#### Problem description
Lines from the one containing "Во что это может" through the final line of the records below are needed, copied exactly, with no pictures.

Records from a dataset:
□ □ □ □ □ □ □
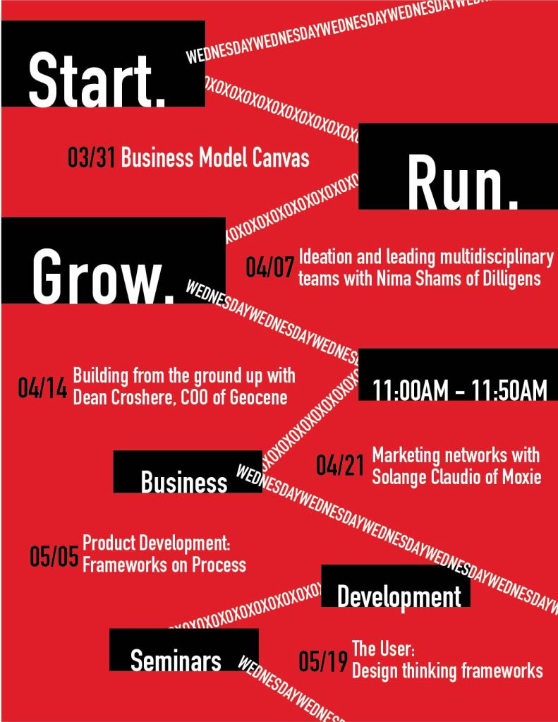 Two iterations and then the final iteration of a project where I redesigned an already existing poster for the UC Davis student startup center. While the first two iterations are in no way complete, I always love to see the thought process of designers and the wealth of ideas they drafted, and I thought their contrast with the final poster was interesting. The black and red in the final poster is really eye-catching and dynamic to draw the eyes of passersby and entices entrepreneurs with the Start. Run. Grow. slogan while the white contrast makes the dates readable.
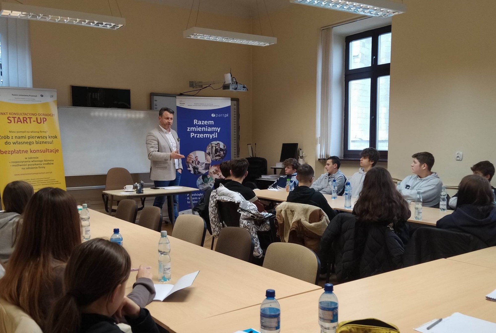 Gościem spotkania był Pan Marcin Kamola - Prezes i właściciel firmy Bricomarche Przemyśl, posiadający długoletnie doświadczenie w prowadzeniu różnych działalności gospodarczych.
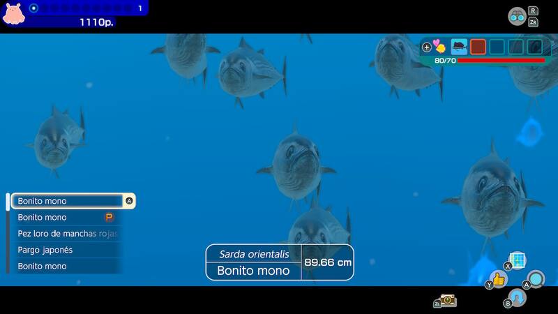 Ese párrafo no solo resume la idea del juego, sino que realmente todo lo que haces en él. Literalmente lo único que tienes que hacer es avanzar por el agua, ver un pez o un cardumen y presionar el botón de escaneo de manera incesante. Si es una especie nueva te dará su descripción y si es una antigua te dará luz, la principal manera de ganar experiencia que sirve principalmente para desbloquear cosméticos.
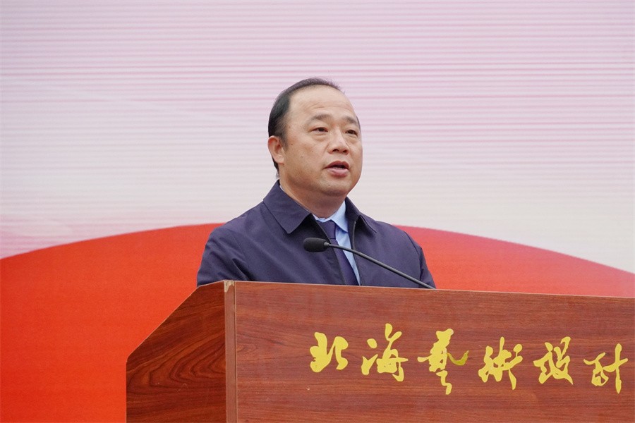 动员大会上,我校卢新华校长向北海海城区人民武装部领导授军训团团旗并宣布2023级学生军训开训。(周小琪、郭松、王弘武、周雨晨、高闻雨、相恒佳/摄)
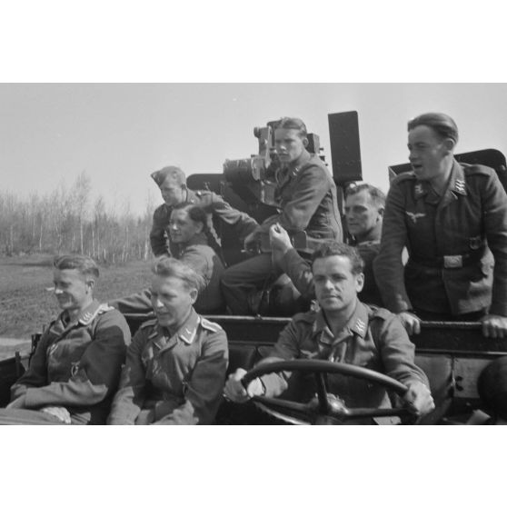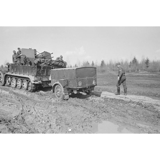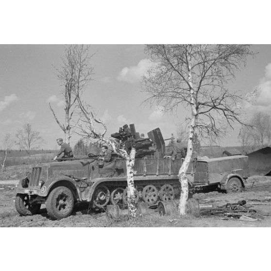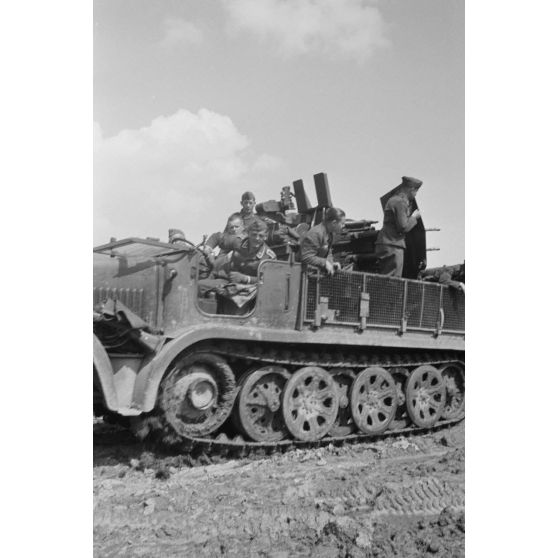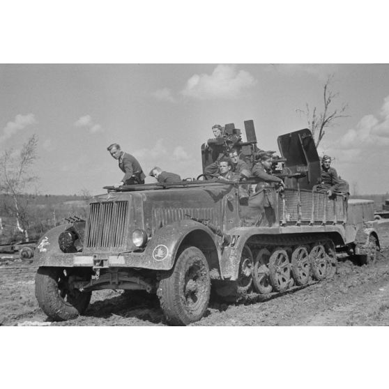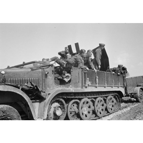Un semi-chenillé Sd.kfz.7/1 armé de 2 cm FlaKvierling 38 et son équipage du Leichte Flak Abteilung 71 (11.Panzer-Division).
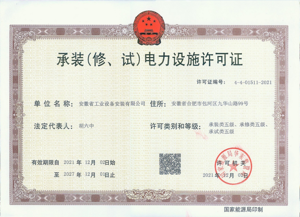 近日,安徽安裝公司申報的承裝(修、試)電力設施許可證資質(zhì)成功獲批。
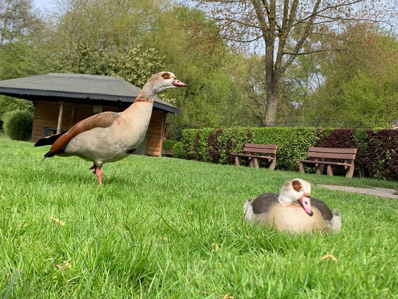 In den vergangenen Jahren sind die Bestände von einst allgegenwärtigen und sehr häufigen Vogelarten teilweise drastisch zurückgegangen. Rauchschwalben und Teichhühner mussten in Nordrhein-Westfalen deshalb in die Rote Liste der vom Aussterben bedrohten Tierarten in der Kategorie „gefährdet“ aufgenommen werden. Die Gründe liegen im Falle der Rauchschwalben in der intensiven Landwirtschaft und im Fall des Teichhuhns wahrscheinlich im Verlust geeigneter Bruthabitate begründet. Im Klever Tiergarten hingegen gibt es dutzende Brutpaare beider Arten. Bei der Führung können die Besucher mit etwas Glück die ersten Teichhuhn-Küken im Bereich der Wassergräben beobachten. Derweil werden die Rauchschwalben in den zahlreichen kleinen Ställen des Tiergartens noch in den Lehmnestern auf ihren Eiern sitzen.
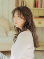 こっくりブラウンの緩めパーマ風の巻きを加えたヘアスタイルになっています。顔まわりには細かめカールを入れて、後ろはざっくりとカールを入れてラフな垢抜け感のあるスタイルになっています。バングは薄く作るのが◎
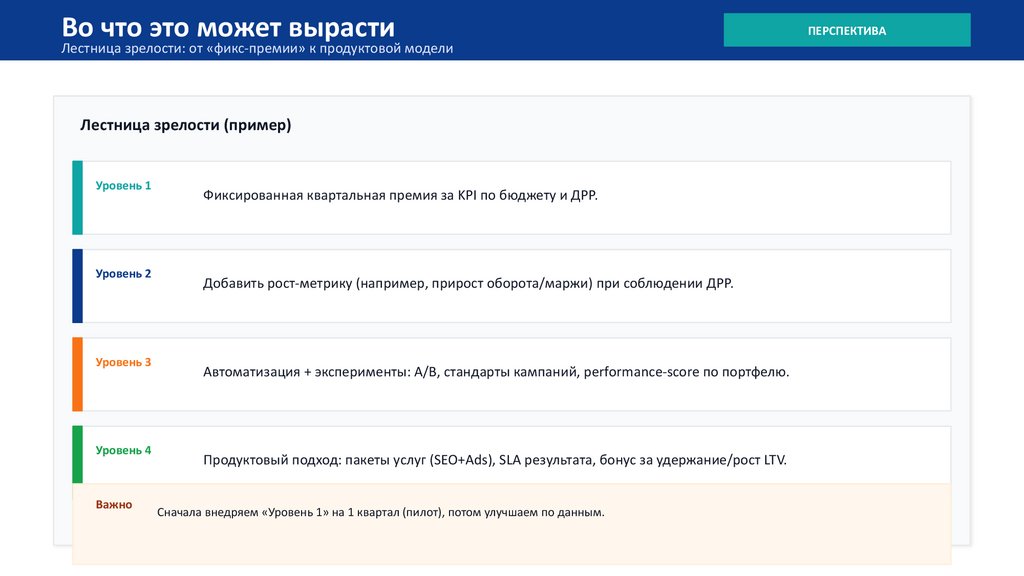 Во что это может вырастиЛестница зрелости: от «фикс‑премии» к продуктовой модели
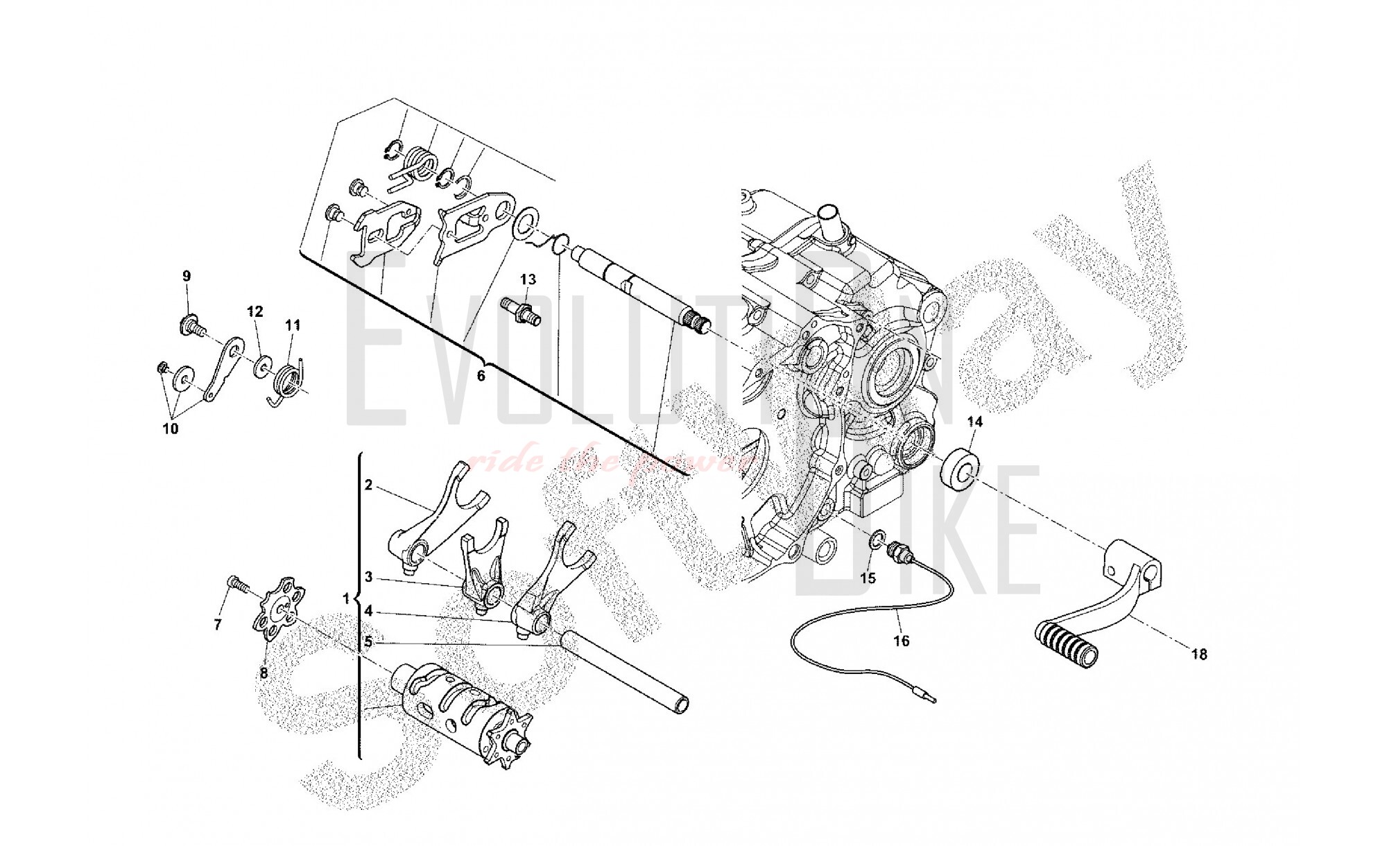 E11 - GEARSHIFT DRUM ASSY & GEARSHIFT AXLE ASSY
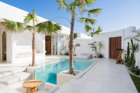 Soukromé bazény, útulné obývací zóny a kuchyňky, terasy do zahrady, denní úklid a možnost in-villa snídaní či privátních večeří. Na vyžádání floating breakfast, květinové dekorace, masáže ve vile, půjčení skútru/řidiče.
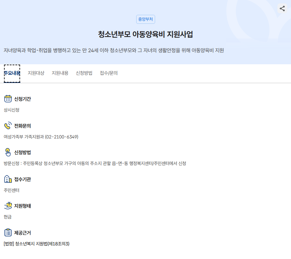 1️⃣ 청소년부모 아동양육비 지원 기본 정보 및 자격 조건
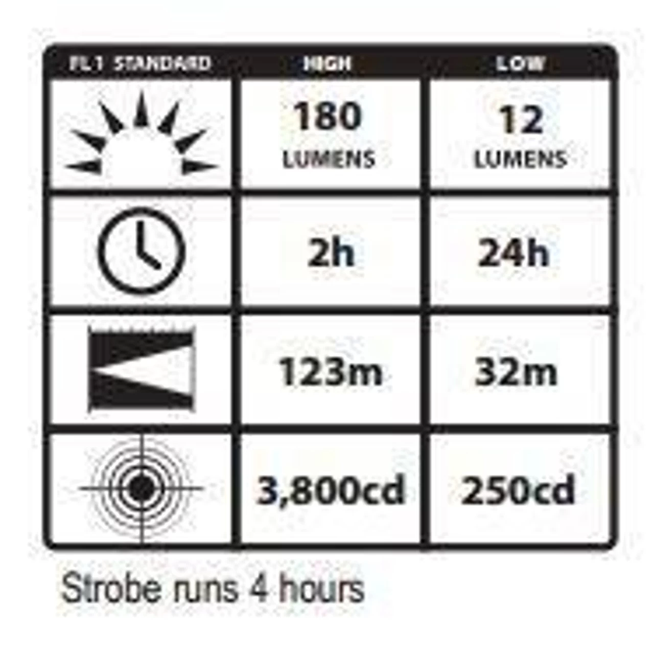 - Low for longer run time: 22 lumens; 420 candela; 41m beam; runs 24 hours
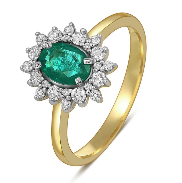 Кольцо из жёлтого золота с бриллиантами и изумрудом (055677)
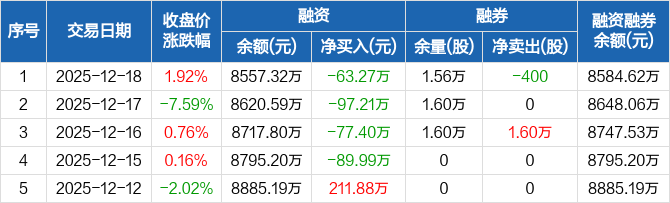 腾亚精工:连续4日融资净偿还累计327.88万元(12-18)
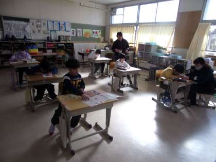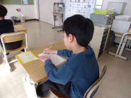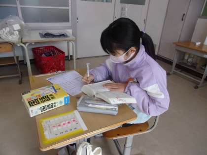 それぞれの実情や事情に応じて、見出しの3教科のいずれかの学習を進めていました。みんな集中して取り組めていました。
□ □ □ □ □ □ □
#### Output for this exercise
 Во что это может вырастиЛестница зрелости: от «фикс‑премии» к продуктовой модели
 E11 - GEARSHIFT DRUM ASSY & GEARSHIFT AXLE ASSY
 Soukromé bazény, útulné obývací zóny a kuchyňky, terasy do zahrady, denní úklid a možnost in-villa snídaní či privátních večeří. Na vyžádání floating breakfast, květinové dekorace, masáže ve vile, půjčení skútru/řidiče.
 1️⃣ 청소년부모 아동양육비 지원 기본 정보 및 자격 조건
 - Low for longer run time: 22 lumens; 420 candela; 41m beam; runs 24 hours
 Кольцо из жёлтого золота с бриллиантами и изумрудом (055677)
 腾亚精工:连续4日融资净偿还累计327.88万元(12-18)
 それぞれの実情や事情に応じて、見出しの3教科のいずれかの学習を進めていました。みんな集中して取り組めていました。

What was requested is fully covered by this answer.